Exclude any images and output the remaining records exactly.

## Data records
# # # # #

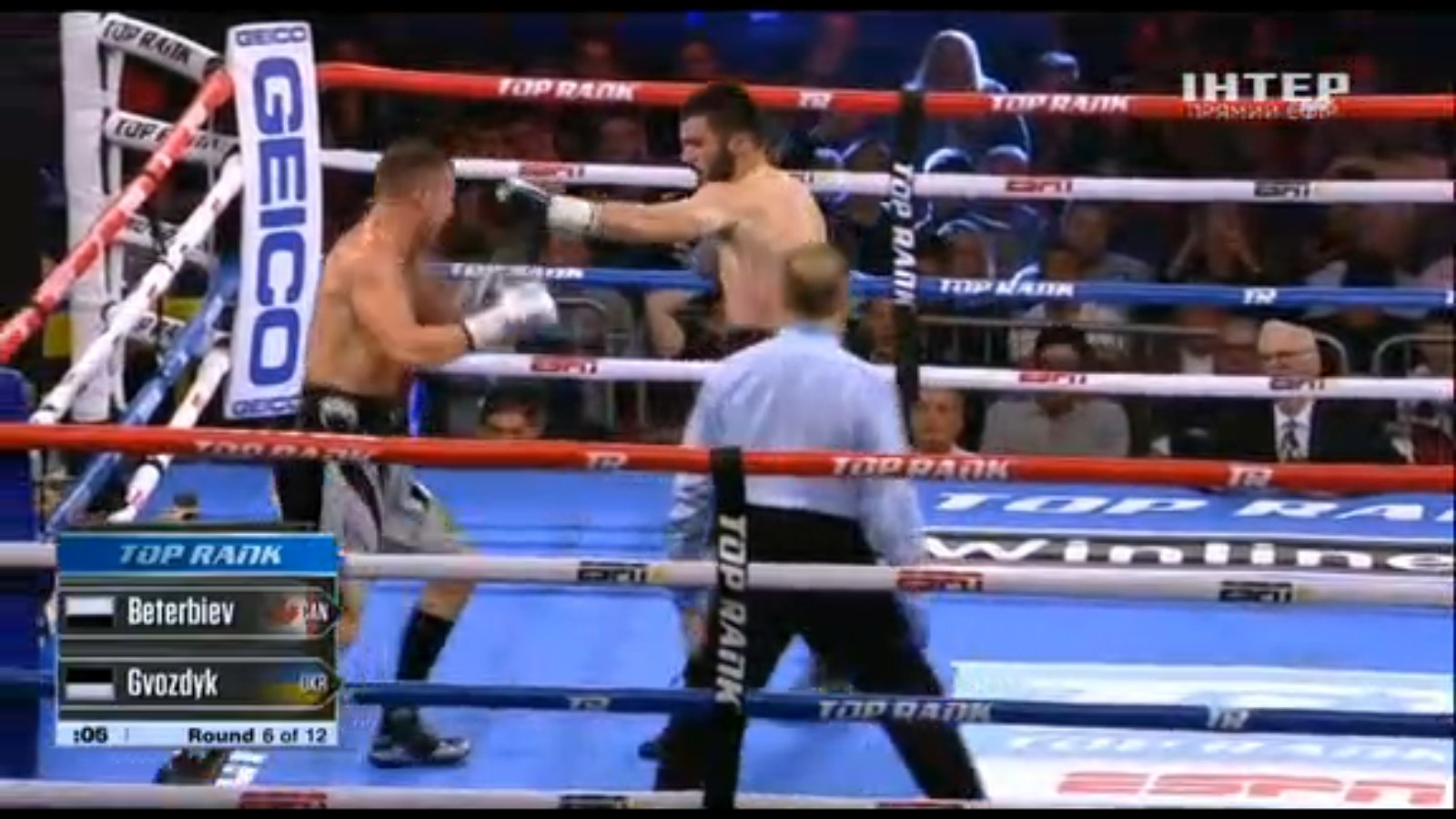 07:00. 5-й раунд. Вначале прошел удар через руку у Бетербиева, Гвоздик достойно отвечает.
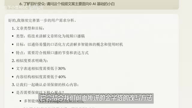 我把这套方法论融入到了我的这套结构化提示词当中。接下来我会用两个案例手把手带大家去实操一下。那第一步我们需要把这个提示词复制到对话框啊,a i呢紧接着它会让我们明确四个关键点,它会让我们提供文章的类型是什么?你要达到的相似度是什么?要保留哪些核心的要点,目标受众是什么?那为什么要设置这些回答呢?因为不同类型的文案它的改写策略是不一样的。比如说销售文案,我们就需要更多场景化的描述。
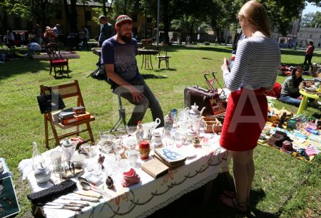 Brīvdabas krāmu tirdziņš skvērā pie Sv.Pāvila baznīcas.
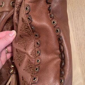 ISABELLA Fiore Brown Leather Embroidered Satchel Crossbody Shoulder Bag Purse
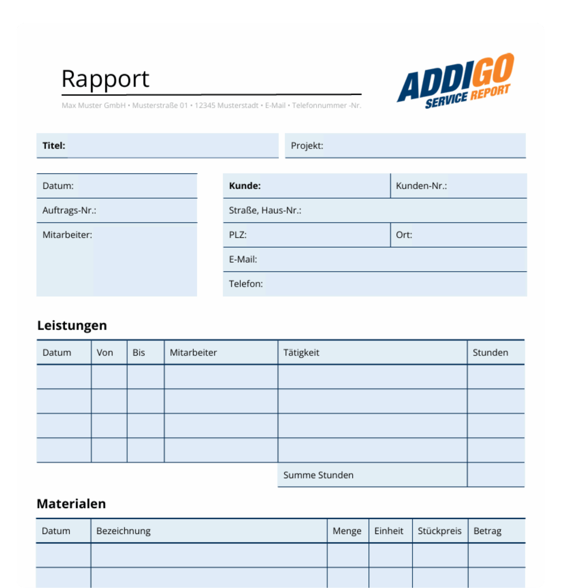 Schluss mit Zettelchaos, fang an digitale Rapportzettel zu erstellen. ADDIGO verbindet Einsatzplanung, Dokumentation und digitale Formulare in einer zentralen Plattform für Unternehmen mit Vor-Ort-Service. Erfasse Arbeitszeiten und Materialverbrauch digital direkt beim Einsatz im Rapportzettel bzw. Regiebericht. Alle Daten werden automatisch ins Büro übertragen.

# # # # #

## Output of the exercise
 07:00. 5-й раунд. Вначале прошел удар через руку у Бетербиева, Гвоздик достойно отвечает.
 我把这套方法论融入到了我的这套结构化提示词当中。接下来我会用两个案例手把手带大家去实操一下。那第一步我们需要把这个提示词复制到对话框啊,a i呢紧接着它会让我们明确四个关键点,它会让我们提供文章的类型是什么?你要达到的相似度是什么?要保留哪些核心的要点,目标受众是什么?那为什么要设置这些回答呢?因为不同类型的文案它的改写策略是不一样的。比如说销售文案,我们就需要更多场景化的描述。
 Brīvdabas krāmu tirdziņš skvērā pie Sv.Pāvila baznīcas.
 ISABELLA Fiore Brown Leather Embroidered Satchel Crossbody Shoulder Bag Purse
 Schluss mit Zettelchaos, fang an digitale Rapportzettel zu erstellen. ADDIGO verbindet Einsatzplanung, Dokumentation und digitale Formulare in einer zentralen Plattform für Unternehmen mit Vor-Ort-Service. Erfasse Arbeitszeiten und Materialverbrauch digital direkt beim Einsatz im Rapportzettel bzw. Regiebericht. Alle Daten werden automatisch ins Büro übertragen.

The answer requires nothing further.